Functional annotation of the transcriptomic data

Genes and transcripts were annotated using six major databases: NR (ftp://ftp.ncbi.nlm.nih.gov/blast/db/), SwissProt (http://web.expasy.org/docs/swiss-prot_guideline.html), Pfam (http://pfam.xfam.org/), EggNOG (http://eggnogdb.embl.de/#/app/home), GO (http://www.geneontology.org) and KEGG (http://www.genome.jp/kegg/). DIAMOND software was used to match sequences to genes and transcripts in the NR, SwissProt, and EggNOG databases; BLAST2 GO was used to match sequences to the GO database; HMMER software was used to match sequences to the Pfam database; and KOBAS2.1 was used to obtain KEGG Orthology results.

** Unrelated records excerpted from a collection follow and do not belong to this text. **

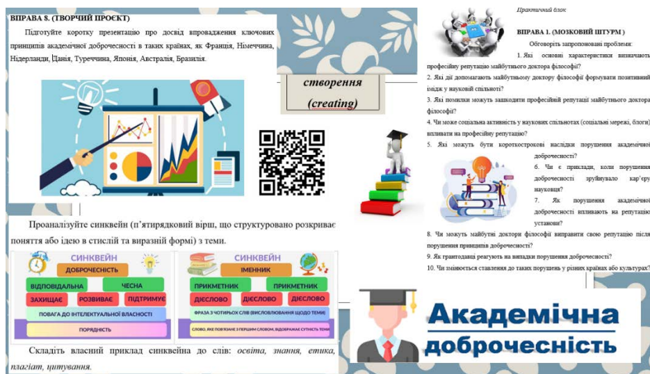
Рис.6. Пропоновані вправи з академічної доброчесності на етапі створення

Таким чином, концепція Блума передбачає, що навчальні цілі залежать від ієрархії когнітивних процесів, де кожен рівень вимагає спеціальних вправ, які сприяють розвитку відповідних навичок.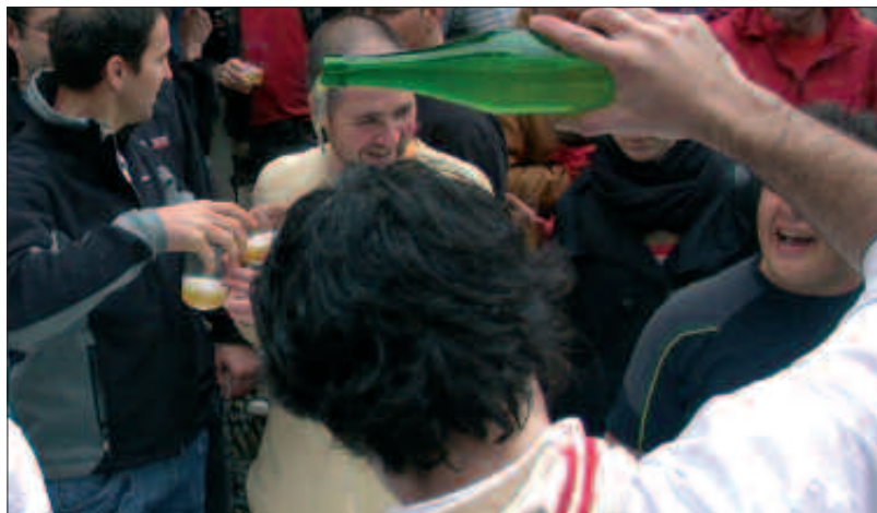
AURTENGO SAGARDO EGUNEAN ANTZEKO IRUDIAK ERREPIKATUKO DIRA.

H asiera batean, begi bistako aldaketarik ez du sumatuko maiatzaren 23ko sagardo festara hurbilduko denak. Pintxoak, sagardo postuak, giroa eta jendetza, ohiko Sagardo Eguneko osagaiek ez dute hutsik egingo igandean. Baina postuz postuko osteratxoak egiten dabilenak, zer sagardo dastatzen ari den ezagutzeko jakin mina duenak, berrikuntzak sumatuko ditu.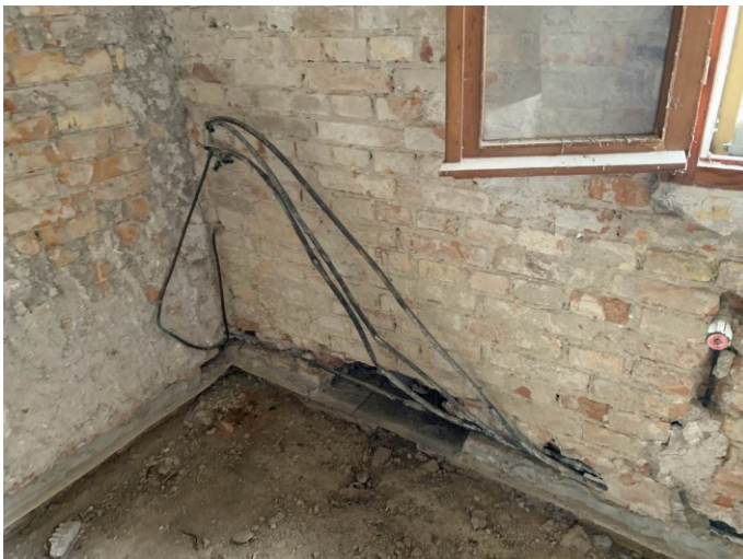
particolare del vetusto impianto termico rimosso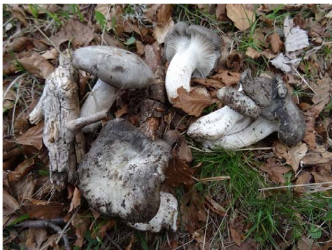
Hygrophorus marzuolus

Coordonnées GPS : UTM 32T x=0367751 y=4863718, Lat/long N 43°54'53" E 7° 21' 10".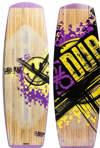
MANUAL (Sänger 134, 138 & 142) | steifere Flexzonen | Dyna Base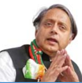
महाराष्ट्र की 20 वीं वीथी का निर्माण करने के लिए...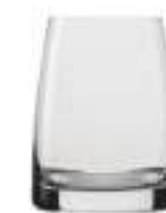
B657X3510016 Whisky D.O.F. Whisky becher D.O.F. 325 ml | 11 oz H 102 mm | 4" Ø 80 mm | 3¼" Palet 912 pcs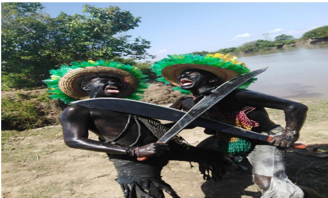
Figura 2 Personajes del Son de Negro

hombres y mujeres de la zona del Canal del Dique y el Bajo Magdalena; esta tradición oral, se desarrolla en un mismo marco geo – histórico y ceremonial, en el cual se le da rienda a la diversidad rítmica – musical, danzaría y bailes coreográficos revestidos de silueta natural en espacios planimetricos. (Herrera, 2010)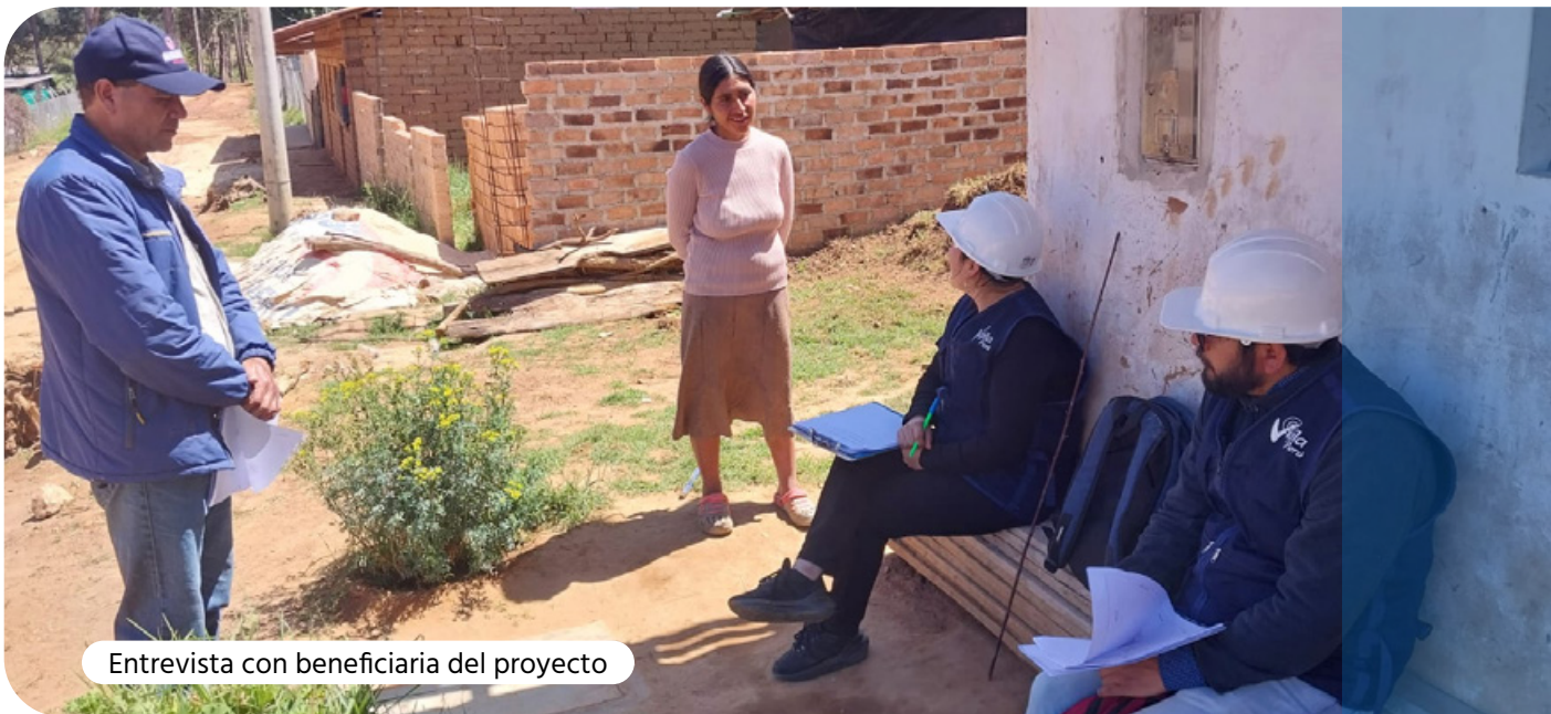
Entrevista con beneficiaria del proyecto

Effects of different oil additives on the production of pneumocandin B₀ during fermentation

In this study, we tested the addition of five commercially available edible oils, including soybean oil, mixed oil (rapeseed oil, soybean oil), olive oil, sesame oil, and corn oil. At the early stage of fermentation (day 1), 1.0 g/L of oil was added to the culture to investigate the effect of oil on the synthesis of pneumocandin B₀ and the growth of the strain.

The oil addition test was completed after 17 days of fermentation. As shown in Fig. 1, the addition of oil has a significant impact on both pneumocandin B₀ accumulation and strain growth, but the impact of different oils on the yield of pneumocandin B₀ varied greatly. The yield from high to low was in the order soybean oil (2487.42 mg/L) > olive oil (2434.29 mg/L) > corn oil (2261.81 mg/L) > sesame oil (2219.41 mg/L) > mixed oil (2056.82 mg/L) > control group (1807.33 mg/L). This is perhaps unsurprising, as the lipid and fatty acid composition of the tested oils also varies greatly.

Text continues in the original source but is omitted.